Hosei is not alone in its push to become more international. Globalization “has become an extremely important issue for large leading universities,” said Hiroshi Kobayashi, editor of College Management magazine.
 
“They are concerned about giving students a more globally oriented education as well as receiving more international students,” he said, because Japanese employers are badly in need of cross-cultural skills to match their global corporate challenges.
 
For example, when Professor Tanaka took up her position in April, she issued a memo saying she wanted to see all course syllabuses written in English. “She has this top-down style,” said Prof. Kennosuke Tanaka, who is not related to the president.
 
That style is uncommon at Japanese universities, where leaders are expected to govern in a collegial manner. Japanese university presidents are elected by all faculty members, not by a board of trustees, so the faculty as a whole is a powerful lobby, said Mr. Kobayashi, the magazine editor. “A president’s initiatives are often chronically hampered by the faculty,” making it difficult to push through sweeping changes.
 
But changes to the laws governing Japanese universities have strengthened the executive powers of school presidents, Mr. Kobayashi said, adding: “It is going to be of crucial importance what decisions presidents make and how they communicate their messages to the public.”
 
Professor Tanaka grew up in the coastal city of Yokohama and entered Hosei in the early 1970s, when a radical student movement was still raging at the university — even though it was dying down elsewhere. She said she was attracted to Hosei because of Hideo Odagiri, a Marxist-oriented scholar of modern Japanese literature who was a prominent professor at the time. Professor Tanaka herself chose to concentrate on the history and culture of Edo, the late medieval to early modern period in which shoguns ruled Japan.
 
Hosei’s leftist tradition has waned, Professor Tanaka says, but the university has maintained an energetic, socially conscious culture. “There is still a campus culture here that keeps people civic-minded and socially involved,” she said, adding that this same civic awareness was now spilling over into the international domain, pushing students to study overseas and participate in international volunteer activities.
 
Even before Professor Tanaka’s appointment, Hosei was at the center of Japanese education’s efforts to internationalize. The number of Hosei students attending programs overseas grew to 875 this year from 398 in 2004, putting the university at No.4 on a list of Japanese colleges and universities whose students studied abroad, according to a ranking published by Asahi Shimbun Publishing.
 
To meet its international goals, Hosei subsidizes overseas studies. Chinatsu Okayasu, a freshman, said she chose Hosei over other universities in part because of that support. “Hosei offers up to one million yen to those going overseas,” she said, the equivalent of about $8,400. “From the pamphlets I was looking at, other rival schools gave only about ¥250,000.”
 
Professor Tanaka has ambitious goals for the study-abroad program.

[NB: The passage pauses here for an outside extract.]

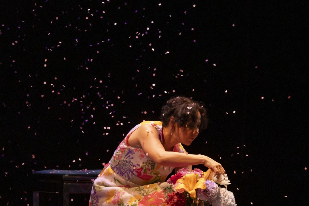 La pieza está inspirada en los cuadros de Emilia Román de 95 años, madre de Patricia Ruz, y en el descubrimiento que ella hizo de su conexión con las flores. Estos cuadros son fruto de sus encuentros y la relación que establecieron a través de la pintura como manera de comunicarse.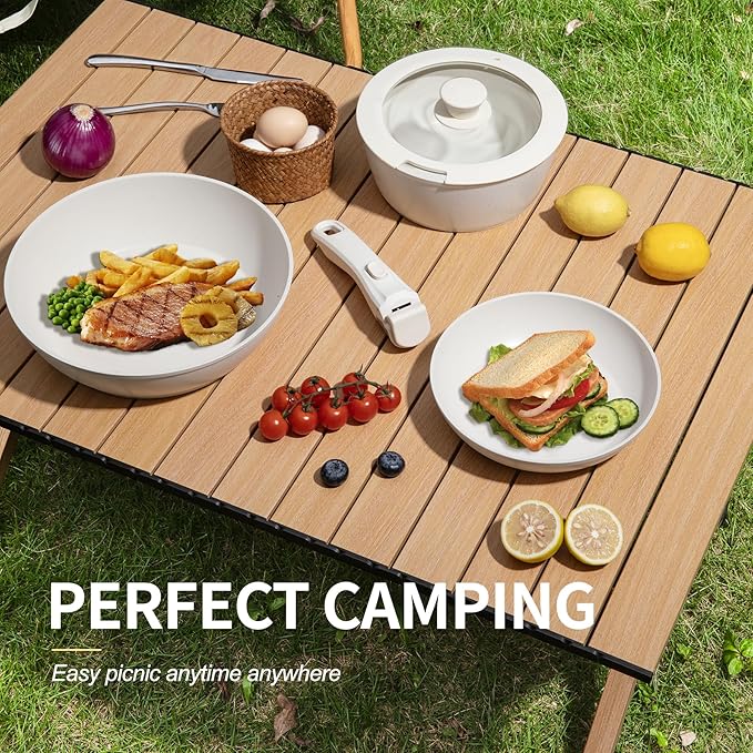 - 3. Storage Easy to Clean: Pots and pans set with detachable handles allow for compact nesting, optimizing 75% kitchen cabinet space and providing a healthy cooking environment,it’s easy storage for cabinets or RVs

By 2023, she wants the number of Hosei students going overseas to more than triple to 3,000 and expects 10 percent of Japan’s student body to be made up of international students.
 
But there are detractors who oppose her international push. “There are some faculty members who denounce the move as giving in to ‘English language imperialism,”’ she said. “That is based on a total misunderstanding. We are not doing it just for corporations. The universe of social activism is also expanding and we need to mobilize knowledge of the world to accomplish our goals.”